• **What is expected**
Once the pictures are set aside, print the records that follow exactly as written.

Records for this task Start Marker

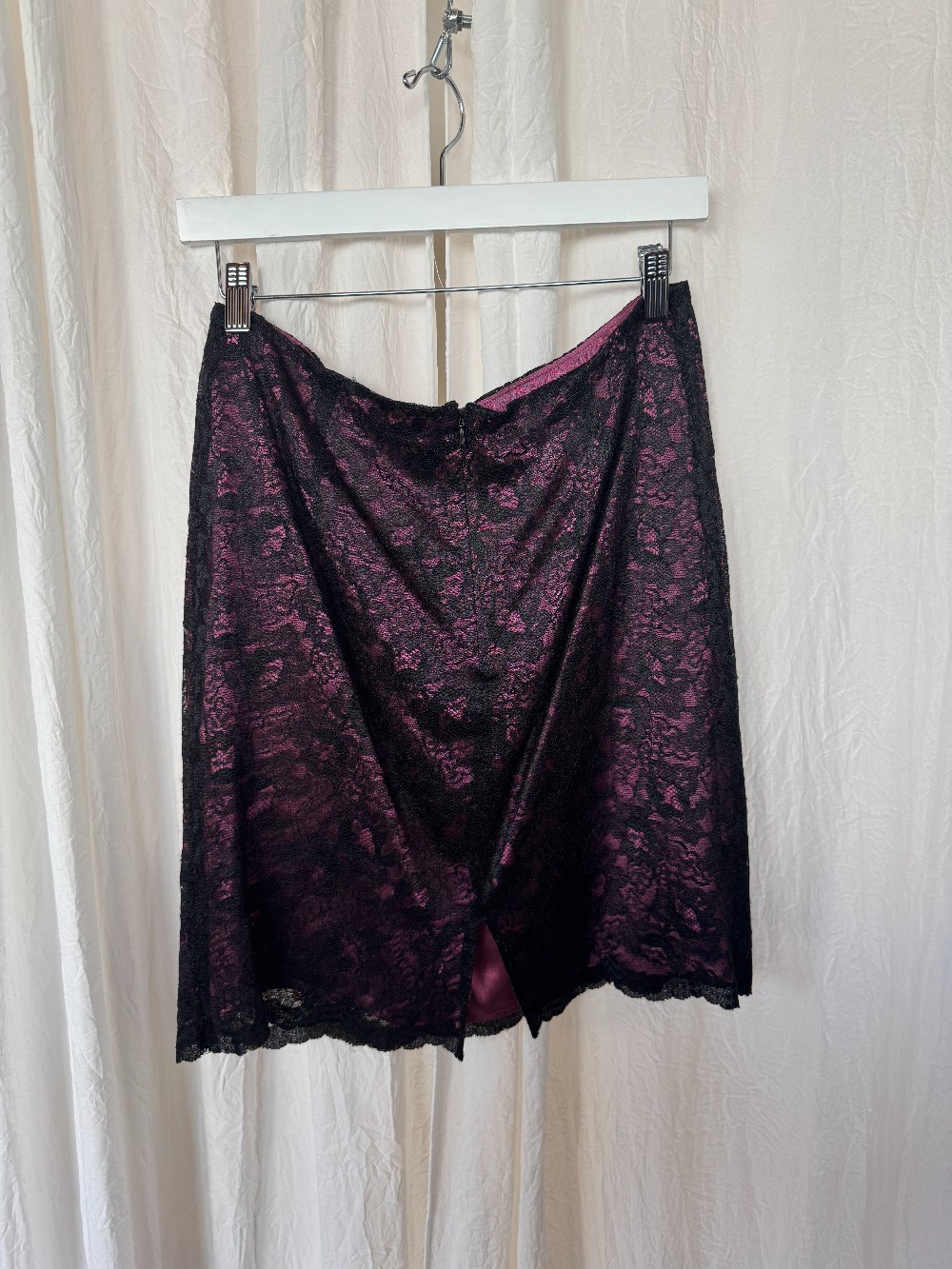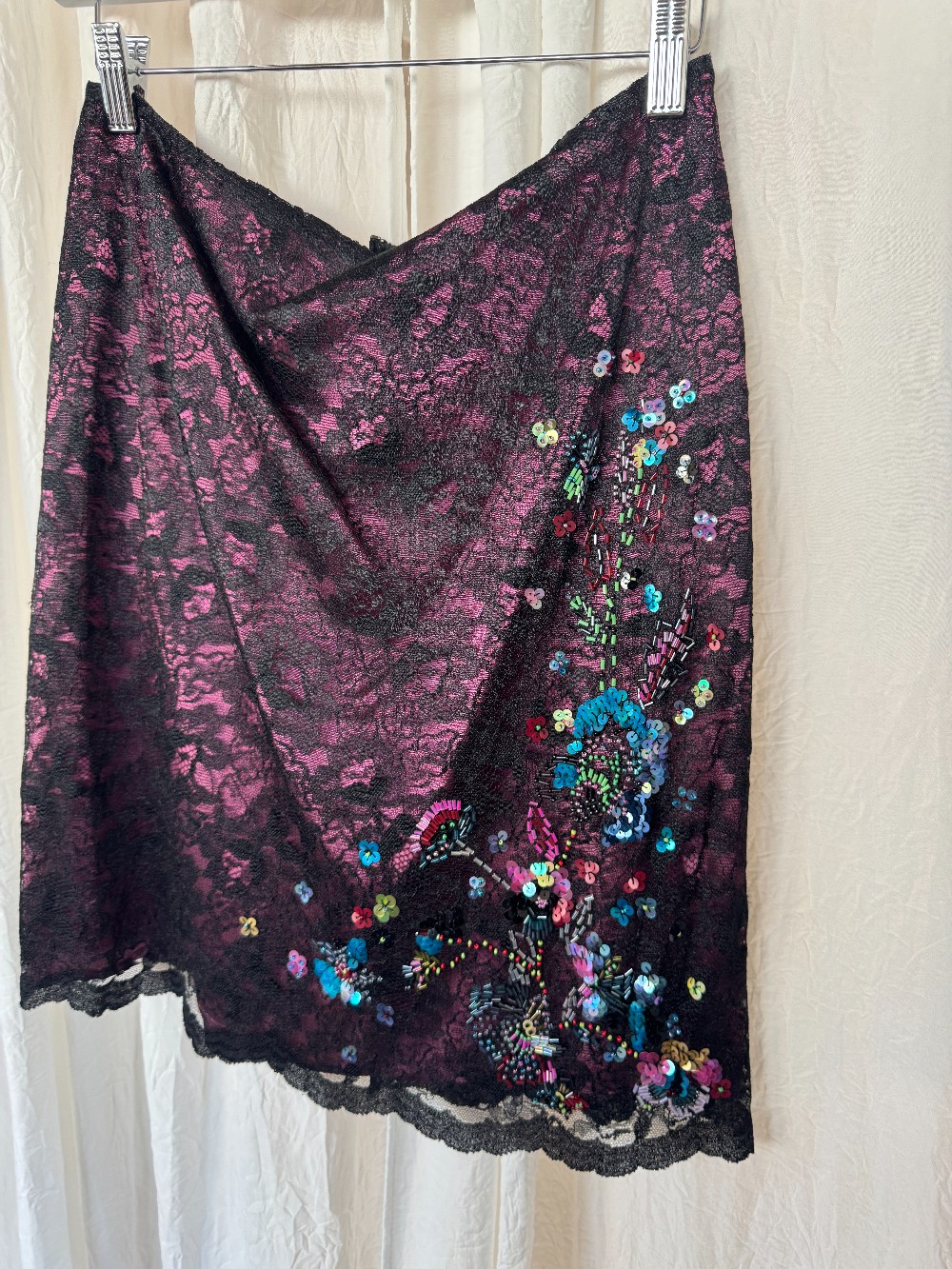 Y2K Muse hot pink midi skirt with black lace overlay and beading and sequin floral design. Non-stretch. Zip-up back.
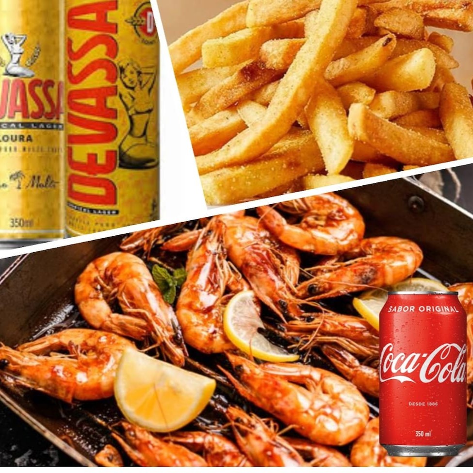 Camarão ao alho e óleo (300g) com batata frita (300g), acompanhado de 2 cervejas Devassa (350ml cada) e 1 refrigerante lata (350ml – Pepsi ou Antarctica).
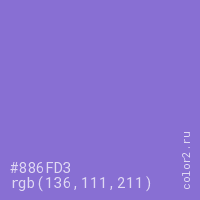 Цвет #886FD3 в цветовой модели RGB обозначается тремя октетами (136, 111, 211) в десятичном формате и #886FD3 в шестнадцатиричном (hex) формате, которые являются интенсивностью красного 136 (hex 88), интенсивность зелёного 111 (hex 6F) и интенсивность синего 211 (hex D3).
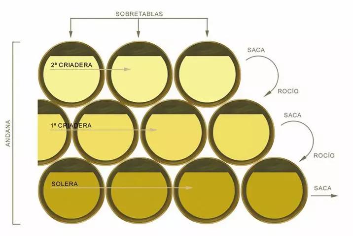 自Solera層抽取1/3的酒液(法律規(guī)定,每年抽取量不得超過Solera層酒液量的1/3)裝瓶,隨后自其上一層(第一培養(yǎng)層1a criaderas)抽取1/3酒液注入Solera層,同理,第一培養(yǎng)層內(nèi)則注入第二培養(yǎng)層(2a criaderas)1/3的酒液……直至每個酒桶都經(jīng)歷一次抽取并補入酒液的過程(最上層的Sobretabla層空余部分需用同批次酒液填滿)。
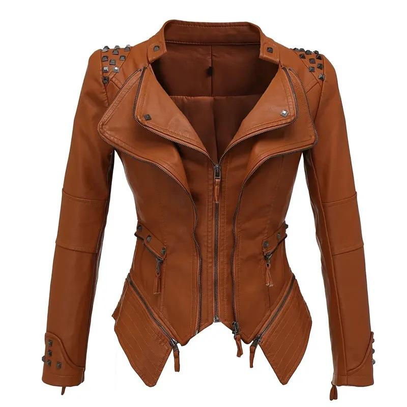 Women Biker jacket Yellow color sheepskin long sleeve fashion cowhide leather women biker genuine leather jacket
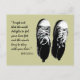 Old running shoes postcard featuring inspirational words by Khalil Gibran: Forget not that the earth delights to feel your bare feet and the winds long to play with your hair. Take off your shoes and walk barefoot to enjoy the unity with nature
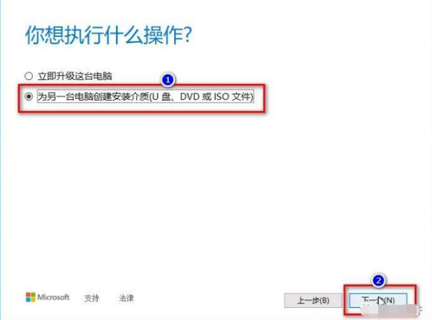 3、选择“为另一台电脑创建安装介质(U盘、DVD或者ISO文件)”,进入“下一步”。
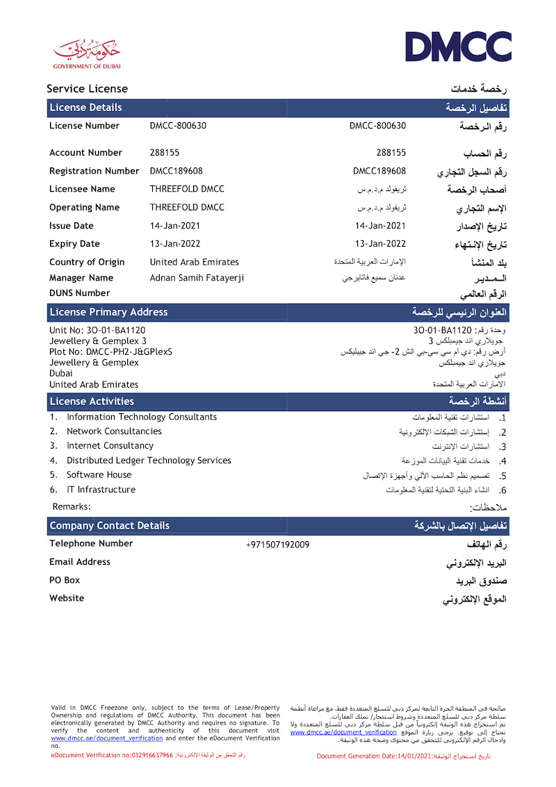 Please see below the ThreeFold DMCC license:

Records for this task End Marker

• **Solution to this task**
 Y2K Muse hot pink midi skirt with black lace overlay and beading and sequin floral design. Non-stretch. Zip-up back.
 Camarão ao alho e óleo (300g) com batata frita (300g), acompanhado de 2 cervejas Devassa (350ml cada) e 1 refrigerante lata (350ml – Pepsi ou Antarctica).
 Цвет #886FD3 в цветовой модели RGB обозначается тремя октетами (136, 111, 211) в десятичном формате и #886FD3 в шестнадцатиричном (hex) формате, которые являются интенсивностью красного 136 (hex 88), интенсивность зелёного 111 (hex 6F) и интенсивность синего 211 (hex D3).
 自Solera層抽取1/3的酒液(法律規(guī)定,每年抽取量不得超過Solera層酒液量的1/3)裝瓶,隨后自其上一層(第一培養(yǎng)層1a criaderas)抽取1/3酒液注入Solera層,同理,第一培養(yǎng)層內(nèi)則注入第二培養(yǎng)層(2a criaderas)1/3的酒液……直至每個酒桶都經(jīng)歷一次抽取并補入酒液的過程(最上層的Sobretabla層空余部分需用同批次酒液填滿)。
 Women Biker jacket Yellow color sheepskin long sleeve fashion cowhide leather women biker genuine leather jacket
 Old running shoes postcard featuring inspirational words by Khalil Gibran: Forget not that the earth delights to feel your bare feet and the winds long to play with your hair. Take off your shoes and walk barefoot to enjoy the unity with nature
 3、选择“为另一台电脑创建安装介质(U盘、DVD或者ISO文件)”,进入“下一步”。
 Please see below the ThreeFold DMCC license:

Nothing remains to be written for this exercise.